00:07:30.060 | All right? You start with doing a vector search. I think of this almost as a primary key. It's,
00:07:36.220 | of course, not a primary key, but almost like a primary key lookup into the graph. You use that vector
00:07:40.940 | search. You get an initial set of nodes. Then you walk the graph, and you expand that and find relevant
00:07:48.780 | content based on the structure of the graph. Then you take that and you return it to the LLM. Or optionally,
00:07:55.100 | maybe that gives you 1,000 or 10,000 nodes back. And then you do what Google did. You rank that. You get the top
00:08:02.460 | K based on the structure of the graph. Maybe you even use page rank, right? You get that. You pass it on to the LLM.

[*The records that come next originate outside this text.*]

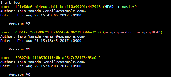 この時点までの変更の記録はローカルもリモートも同じなので、ローカルの変更履歴がリモートの変更履歴でもある。
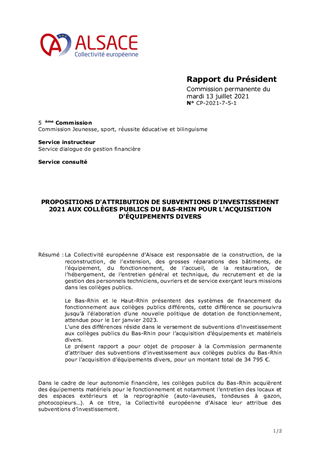 La Collectivité européenne d’Alsace est responsable de la construction, de la reconstruction, de l'extension, des grosses réparations des bâtiments, de l'équipement, du fonctionnement, de l’accueil, de la restauration, de l’hébergement, de l’entretien général et technique, du recrutement et de la gestion des personnels techniciens, ouvriers et de service exerçant leurs missions dans les collèges publics. Le Bas-Rhin et le Haut-Rhin présentent des systèmes de financement du fonctionnement aux collèges publics différents, cette différence se poursuivra jusqu’à l’élaboration d’une nouvelle politique de dotation de fonctionnement, attendue pour le 1er janvier 2023. L’une des différences réside dans le versement de subventions d’investissement aux collèges publics du Bas-Rhin pour l’acquisition d’équipements et matériels divers. Le présent rapport a pour objet de proposer à la Commission permanente d’attribuer des subventions d'investissement aux collèges publics du Bas-Rhin pour l'acquisition d'équipements divers, pour un montant total de 34 795 €.
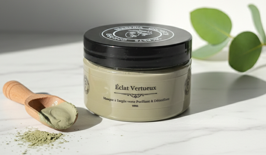 Le Éclat Vertueux – Masque à l’Argile Verte est un soin naturel purifiant, spécialement conçu pour les peaux grasses et mixtes sujettes aux brillances et aux imperfections. Riche en minéraux, l’argile verte agit comme un véritable détoxifiant en absorbant l’excès de sébum et en éliminant les impuretés accumulées.
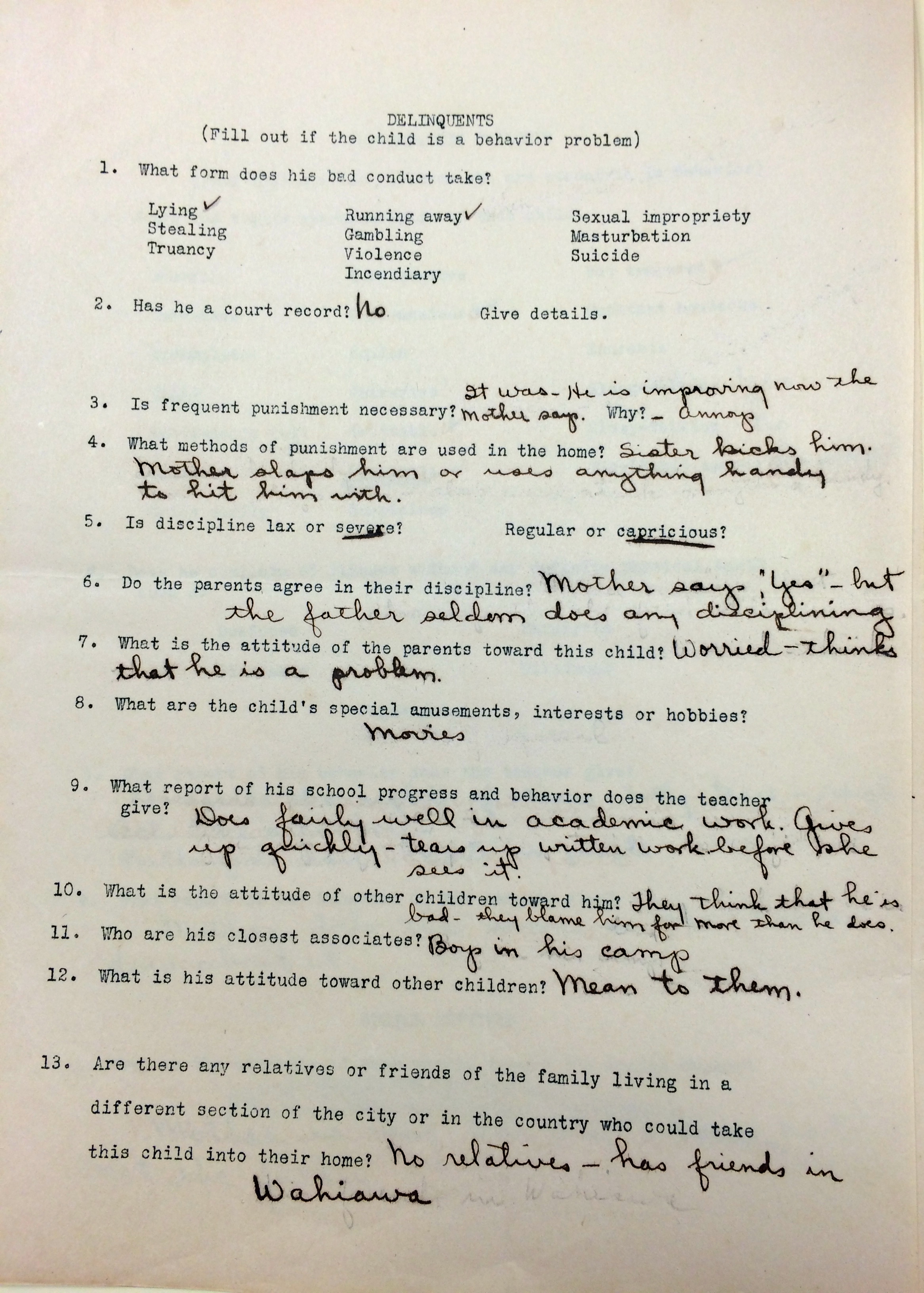 These papers lack the intimate ethnography typical of RASRL writers’ papers. Most sound official, follow a protocol, and include basic biographical details of their school-age subjects: their present living conditions, attitudes of the parents, a recounting of events that brought the children – and both girls and boys are represented here – to the attention of the “authorities,” and test scores. The child’s physical condition and brief medical history are provided; the child’s mental health and ability, as determined by the Stanford Achievement Test and reports from UH’s Psychological Clinic, are included. The writers report on the dynamics of the family, the student’s behavior in the classroom, and his level of diligence in school. Often the writer offers her opinion – most of the writers are female – on the student’s prospects for future adjustment and success.

00:08:08.700 | It's really, really simple, but really, really powerful. And then there's a number more advanced
00:08:14.380 | patterns, but that's kind of the next talk I'll do in a year. It's more sophisticated graph retrieval
00:08:20.780 | patterns, right? But the core one, very, very simple. Okay. So if that's what GraphRag is,
00:08:29.420 | what are the benefits of GraphRag? When should you use it? When should you not use it? The first and most
00:08:35.340 | stark benefit is accuracy. It's directly correlated to the quality of the answer. There's been a ton
00:08:42.300 | of research articles about this in the last six months, something like that. I believe the first
00:08:47.900 | one was this one by data.world. I just picked out three at random here that I like. This is the first
00:08:54.460 | one that I know of by data.world, which is a data cataloging company based on a knowledge graph. And they
00:09:00.300 | proved out across, I think, 43 different questions that on average, the response quality, the accuracy,
00:09:08.060 | was three times higher if they use a knowledge graph in combination with vector search.
00:09:14.780 | I love this paper by LinkedIn. It shows a very similar type. I think it's like 75% or 77%
00:09:22.540 | increase in accuracy. But it also has a great architecture view. So you can take the QR code
00:09:28.940 | right there and look at that paper, which combines various components and also the flow through that,
00:09:34.620 | that I thought was just really pedagogical. But by and large, it's showing the same thing,
00:09:40.220 | a little bit of different numbers, but significantly higher accuracy when it used graph in combination
00:09:45.900 | with vector search. And then Microsoft had a fantastic blog post and subsequently, I think,
00:09:51.900 | two academic papers. The blog post was in February of this year, where they also talk about the increased
00:09:58.300 | quality of response. But also beyond that, hey, you know what? GraphRag enables us to answer another
00:10:05.900 | important class of questions that we couldn't even do with vector search alone or baseline
00:10:11.260 | vector search or baseline RAG alone. So first benefit, higher quality response back.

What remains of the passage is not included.